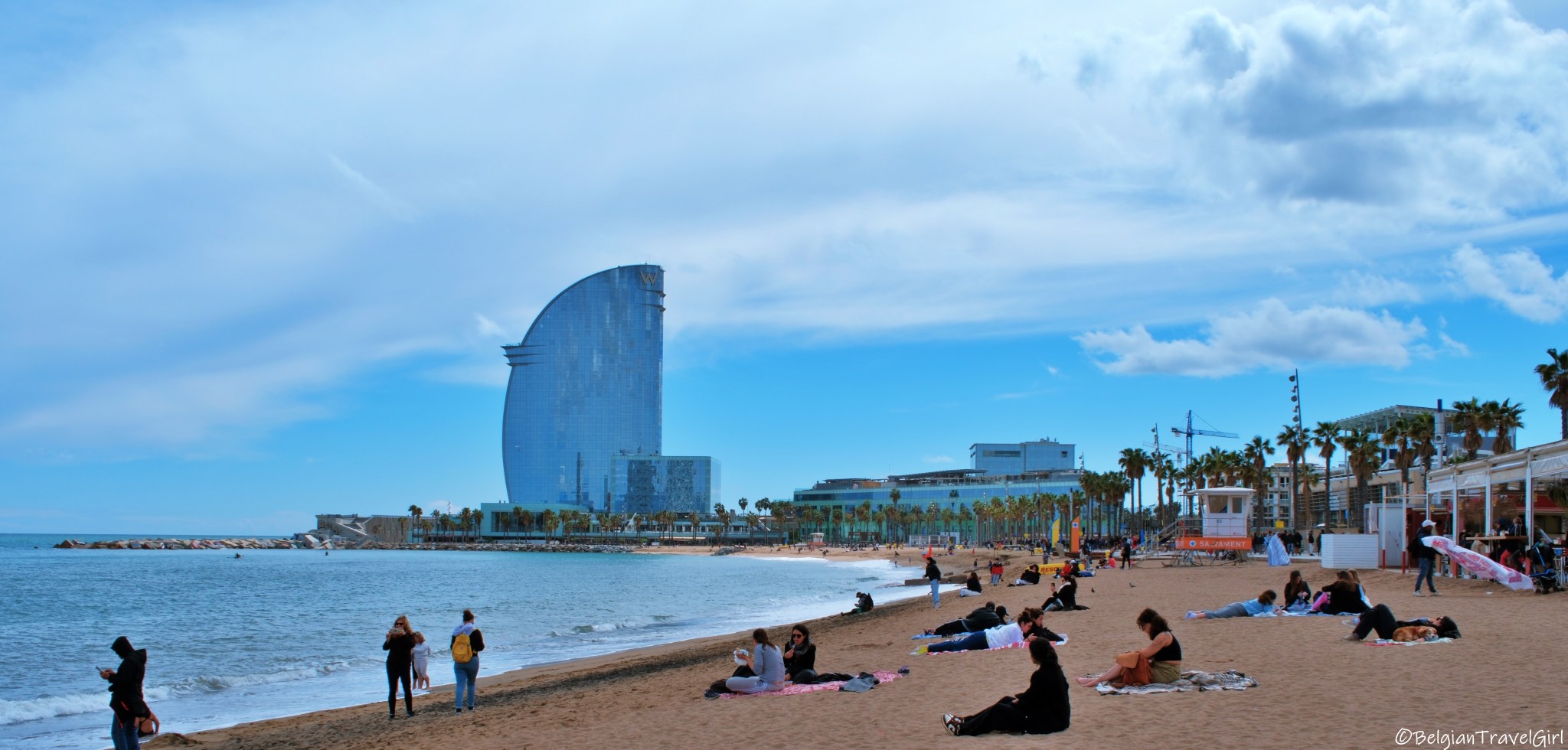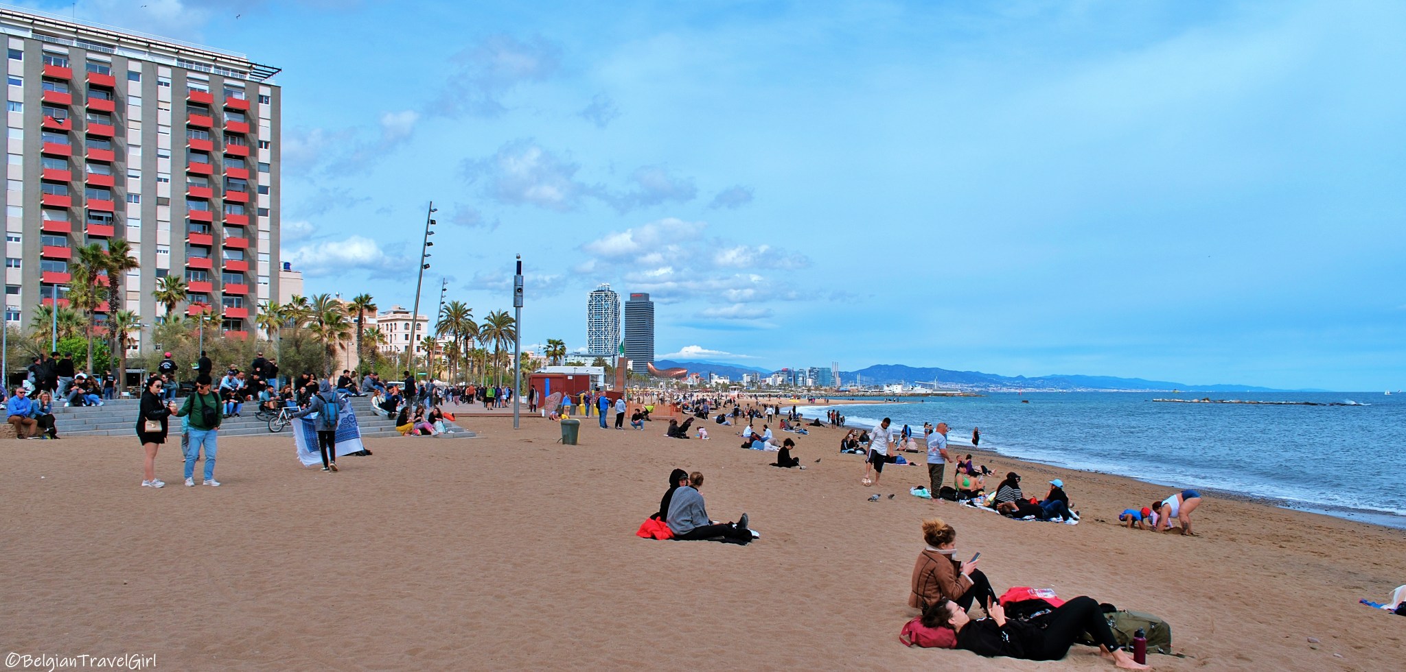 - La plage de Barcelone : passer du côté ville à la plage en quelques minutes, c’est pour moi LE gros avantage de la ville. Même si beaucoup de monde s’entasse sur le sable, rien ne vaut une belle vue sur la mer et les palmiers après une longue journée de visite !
---
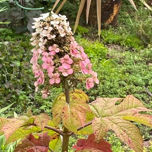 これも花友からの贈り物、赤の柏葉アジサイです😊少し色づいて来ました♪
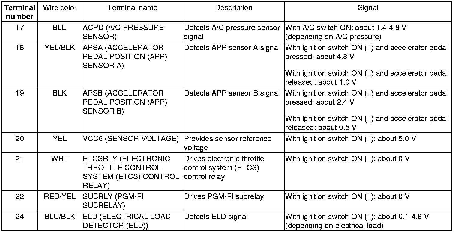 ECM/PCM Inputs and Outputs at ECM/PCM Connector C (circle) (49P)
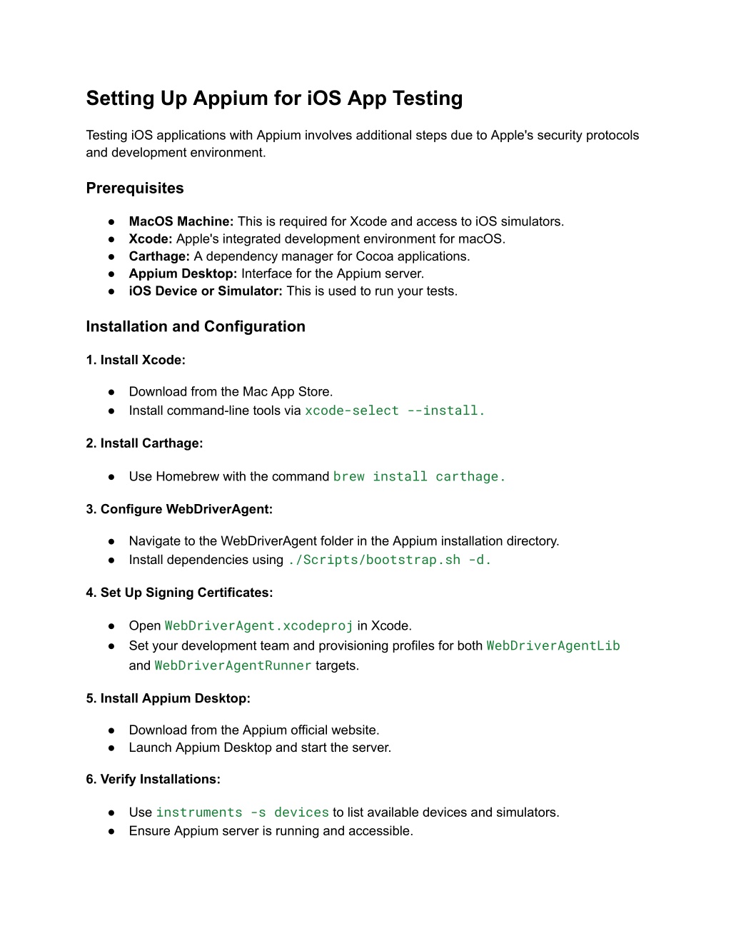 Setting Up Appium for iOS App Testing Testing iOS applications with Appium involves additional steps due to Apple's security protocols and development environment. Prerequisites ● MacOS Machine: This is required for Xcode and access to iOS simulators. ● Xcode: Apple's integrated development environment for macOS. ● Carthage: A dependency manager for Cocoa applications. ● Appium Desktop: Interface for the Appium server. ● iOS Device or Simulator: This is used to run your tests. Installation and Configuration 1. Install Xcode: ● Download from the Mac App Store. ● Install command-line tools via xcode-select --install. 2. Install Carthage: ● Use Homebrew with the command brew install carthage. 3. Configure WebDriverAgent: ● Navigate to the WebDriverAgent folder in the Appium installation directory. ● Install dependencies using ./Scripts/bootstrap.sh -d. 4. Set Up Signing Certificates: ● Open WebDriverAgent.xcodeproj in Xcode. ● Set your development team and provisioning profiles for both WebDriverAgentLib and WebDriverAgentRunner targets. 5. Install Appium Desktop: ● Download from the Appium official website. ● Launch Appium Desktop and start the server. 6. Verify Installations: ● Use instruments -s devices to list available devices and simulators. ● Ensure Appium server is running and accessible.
---
## Exercise requirements
What do the entries above read from the line containing "これも花友からの贈り物、赤の柏葉アジサイです😊少し色づいて来ました♪" through the line containing "Setting Up Appium"? Output those lines exactly, both ends included, with the pictures left out.

## Answer for this exercise
 これも花友からの贈り物、赤の柏葉アジサイです😊少し色づいて来ました♪
 ECM/PCM Inputs and Outputs at ECM/PCM Connector C (circle) (49P)
 Setting Up Appium for iOS App Testing Testing iOS applications with Appium involves additional steps due to Apple's security protocols and development environment. Prerequisites ● MacOS Machine: This is required for Xcode and access to iOS simulators. ● Xcode: Apple's integrated development environment for macOS. ● Carthage: A dependency manager for Cocoa applications. ● Appium Desktop: Interface for the Appium server. ● iOS Device or Simulator: This is used to run your tests. Installation and Configuration 1. Install Xcode: ● Download from the Mac App Store. ● Install command-line tools via xcode-select --install. 2. Install Carthage: ● Use Homebrew with the command brew install carthage. 3. Configure WebDriverAgent: ● Navigate to the WebDriverAgent folder in the Appium installation directory. ● Install dependencies using ./Scripts/bootstrap.sh -d. 4. Set Up Signing Certificates: ● Open WebDriverAgent.xcodeproj in Xcode. ● Set your development team and provisioning profiles for both WebDriverAgentLib and WebDriverAgentRunner targets. 5. Install Appium Desktop: ● Download from the Appium official website. ● Launch Appium Desktop and start the server. 6. Verify Installations: ● Use instruments -s devices to list available devices and simulators. ● Ensure Appium server is running and accessible.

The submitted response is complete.